Script options description

Below is detailed explanation of what each option stands for

Options:
   -h|--help               Display this help

   -a|--ASVtable           Required. Biom/tsv/csv File

   -m|--ASVmeta            Required. Count table related Metadata

   -s|--ASVsequence        Required. related ASV sequences

   -b|--BacteriaList       Required. Collection Name or list of bacteria
                           name used in the experiment. One per line

   -w|--wbdb               Required. Path to WormBiome genome database

   -o|--OutFolder          Output folder
                           Default: ./OUT/

   -s1|--Selector1         Name of column to use as category used
                           for graph plot categorisation and basic
                           statistics

   -t|--TableType          Input table type (BIOM/TSV/CSV)

   -c|--CountThreshold     Minimum read count threshold for samples
                           Default: 1000

   -p|--pandoc             Pandoc path if it is not installed in common place

   -v|--Verbose            Verbose mode. Provide a lot of details.

   -st|--Stats             Perform statistical analysis using the s1 column option

Downstream Analysis

Understanding the Pangene profile table

The Pangene profile table provide a pangene count per sample table. The table should look like the example below:

	Sample 1	Sample 2	Sample 3
GC_00000001	1000	520	1
GC_00000005	100	1000	100

We perform a global pangenome analysis on Wormbiome database which allow us to group gene with similar sequences into the same annotation group. Each annotation carries it's own set of more specialized annotations such as KEGG, COG, CAZy and more.

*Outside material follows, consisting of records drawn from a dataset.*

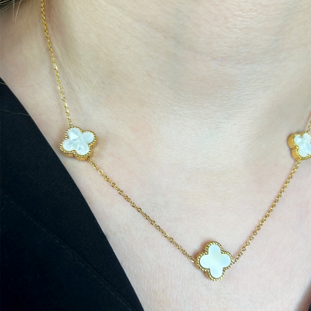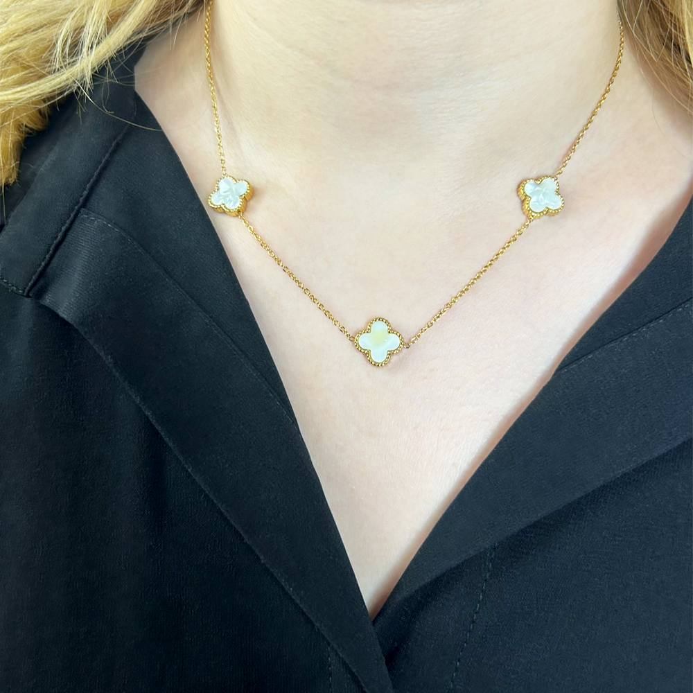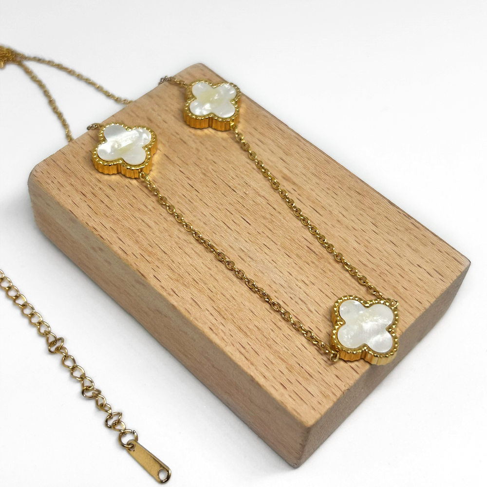 Üç adet beyaz yonca motifinin zarif bir şekilde yan yana dizildiği bu kolye, boyunda modern ve ışıltılı bir duruş oluşturur. Minimal tasarımının sunduğu sadelik, yonca sembolünün şans ve pozitiflik hissiyle birleşerek hem günlük stilinize hem özel anlarınıza uyum sağlar.
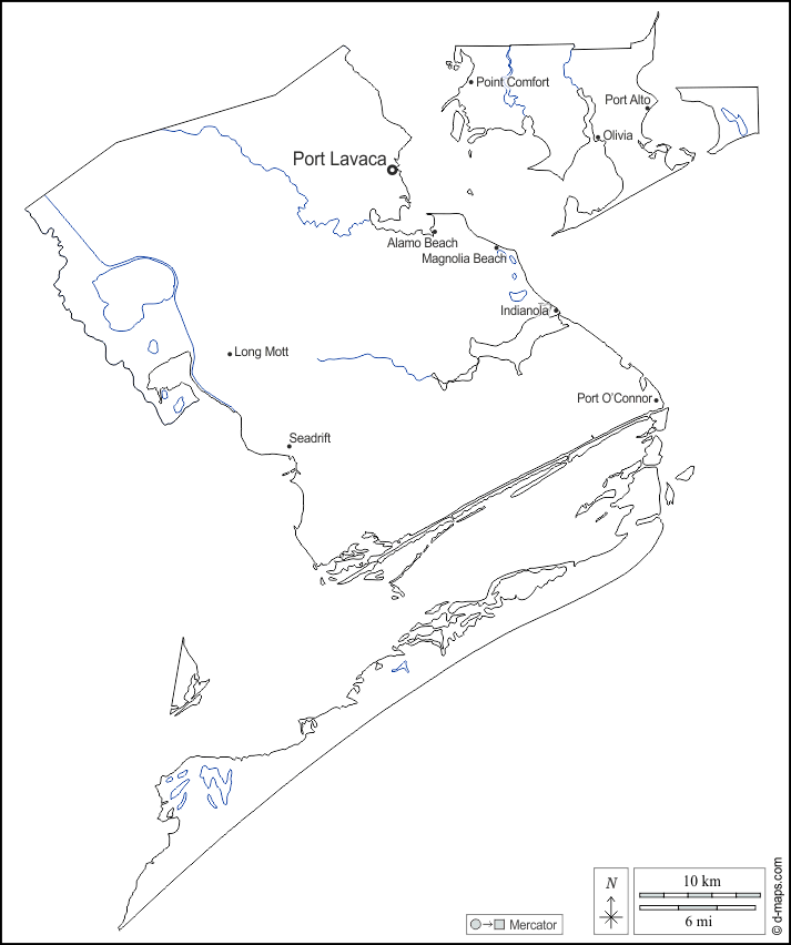 Alamo Beach, Indianola, Long Mott, Magnolia Beach, Olivia, Point Comfort, Port Alto, Port Lavaca, Port O’Connor, Seadrift.
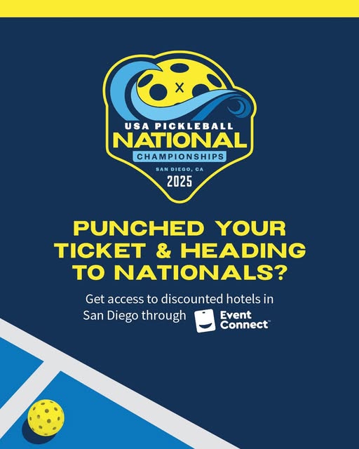 Win a golden ticket ✅ Register for Nationals ✅ …Now it’s time to book your hotel with EventConnect. With EventConnect, you can book exclusive hotel rates right in the heart of San Diego and just minutes from Barnes Tennis Center. Stay close to the action, soak up the city’s sunshine, and make every part of your Nationals trip unforgettable.
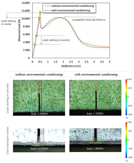 Finally, Figure 14 focuses on the crack starting in concrete and in FRCM mortar. The load-deflection curves of the two analyzed specimens are shown in the top part of the figure, and the load levels corresponding to the crack starting of the two resisting elements (concrete and mortar) are also identified in the plot for the two curing conditions. Not only the concrete cracking but also the mortar cracking occurs at a lower load level in the specimen cured in tank at controlled temperature of 50 °C compared to the specimen cured in air at laboratory environmental conditions (i.e., without environmental conditioning). The crack load in concrete is almost halved in the specimen with environmental conditioning compared to the specimen without environmental conditioning, whereas the reduction of the crack load in mortar is less pronounced. The load-deflection curves exhibit an almost identical (qualitative and quantitative) behavior in the branches following the mortar cracking and representing the actual bond behavior at the FRCM-concrete interface (with the PBO mesh sliding from the underlying mortar matrix). This confirms that the curing conditions, in particular the effect of temperature and relatively humidity applied to the specimen, have a marginal influence on the interfacial properties of FRCM composite systems applied to concrete substrates, at least for the relatively short duration of the thermal treatment and temperature range involved in this experimental campaign.

Converting Gene cluster to functional profiles

The pangenome table can then be transformed into a functional table (KEGG, COG, CAZy). We provide a specialized, table.transform.R script to do exactly that.

You can run the script has follow:

Rscript table.transform.R -i Pangene.profile.table.csv -o OUT_FILE -f FUNCTION_TO_CONVERT -h

Command details:

Pangene.profile.table.csv should be the file generated by the Biomeprofiler.sh script
OUT_FILE name for the output file
FUNCTION_TO_CONVERT name of the column from the WormBiome database to use. (See below)
-h option add the hierarchical categories associated with the KEGG annnotations (See below)

You can use any column for the WormBiome consensus table but we recommend the following ones:

Column name	Description
Bakta_Cazy	Custom CAZy annotation based on Bakta gene calling.
Bakta_COG	Cluster of Orthologous Groups (COG) annotation from Bakta
Bakta_EC	Enzyme Commission (EC) number annotations
Bakta_GO	Gene Ontology (GO) annotations
Bakta_KO	Custom KEGG Orthology (KO) annotation based on Bakta gene calling
Bakta_PFAM	Protein family (PFAM) annotation

Dealing with Multiple annotations

Some genes carry multiple annotations. The KEGG annotations typically overlap accross function and enzymatic description. In this case the gene annotation will count for each annotations. For example, if a pangene is present 10 time in a sample and is annotated both with K0001 and K0002 it will add 10 count to both K0001 and K0002

KEGG extra annotations

We also provide a hierarchical organisation of the Kegg annotations that you can find here. You can add the -h option to the table.transform.R script to have the categorie appened to the table.

Warning

It is important to know that KEGG annotations can belong to multiple KEGG categories. This will duplicated many row in your table so handle your data accordingly if you want to perform further downstream analyses.

Known issue

Pandoc library missing

The last step of the script generates a little hmtl summary of the pipeline. Sometimes if your computer or environment is doesn't have the right latex library you might have an error message that looks like this:

Error: pandoc version 1.12.3 or higher is required and was not found (see the help page ?rmarkdown::pandoc_available).

There are no simple way to go around this. First you need to check if you R installation has access to a pandoc library. In R try:

If you get a 0 back you can try to install pandoc in your conda environment with:

conda install conda-forge::pandoc

The copy paste the pandoc path you get from the command below:

which pandoc

And pass this path with the -p option of the script.